So I've been working with the Boost Spirit Compiler tutorial. Currently, it works great with integers. I am working on a way to extend it to handle strings. Here is the link to the source code.
http://www.boost.org/doc/libs/1_57_0/libs/spirit/example/qi/compiler_tutorial/mini_c/
For those familiar with Boost, the following should look familiar - it is a production rule for a primary expression:
primary_expr =
uint_
| function_call
| identifier
| bool_
| '(' > expr > ')'
;
uint_ is what allows a primary_expr to be assigned an int. Normally, we could add some simple functionality for a char or a string by either creating a few more production rules, or else a simple text parser using a regex that identifies quotes or something like that. There are tons of examples if you back up the root of the link I sent.
The real problem comes with the fact that to implement the compiler, the code pushes bytecode operations into a vector. It's trivial to push a single char here, since all chars have an accompanying ASCII code that it will be implicitly converted to, but not the case for an array of chars, since they would lose their context in the process as part of a larger string (that forms a sentence, eg).
The best option I can come up with is to change the
vector<int>
to
vector<uintptr_t>
From my understanding, this type of pointer can point to both integers and chars. Though, it's not simply a matter of changing the 'uint_' to 'uintptr_t' within the above production rule. The compiler tells me that it's an illegal use in this particular instance.
By the way, you will see the implementation of our vector holding the bytecode within the compiler.cpp/.hpp files.

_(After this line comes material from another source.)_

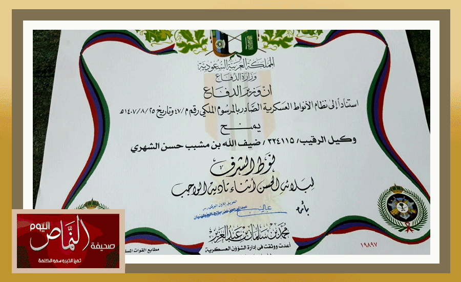 حاز الوكيل رقيب ضيف الله مشبب المشهوري الشهري على ترقيتان استثنائيه ليحصل ويتقلد رتبة رقيب اول بعد عدة اصابات متفاوته بالحد الجنوبي ومنحه نوط الشرف من وزير الدفاع ، وقد منح عدة اجازات مرضيه الا انه ابى ورفض منها ليعود ويشارك زملائه لذود والدفاع عن دينه ووطنه مقدما روحه فداء للدين والوطن – صحيفة النماص اليوم – تبارك للرقيب اول ضيف الله مشبب المشهوري هذا الفخر ولقبيلته بني مشهور سراة وتهامه .

Any help would be appreciated, and if you need any more information, please ask. Thanks.
Normally, we could add some simple functionality for a char or a string by either creating a few more production rules, or else a simple text parser using a regex that identifies quotes or something like that
Regex is not supported. You can use a subset of regular expression syntax in Boost Spirit Lex patterns (which can be used in token_def
) but that would complicate the picture considerably.
The real problem comes with the fact that to implement the compiler, the code pushes bytecode operations into a vector. It's trivial to push a single char here, since all chars have an accompanying ASCII code that it will be implicitly converted to, but not the case for an array of chars, since they would lose their context in the process as part of a larger string (that forms a sentence, eg).
In jargon: the AST doesn't accommodate non-integral values.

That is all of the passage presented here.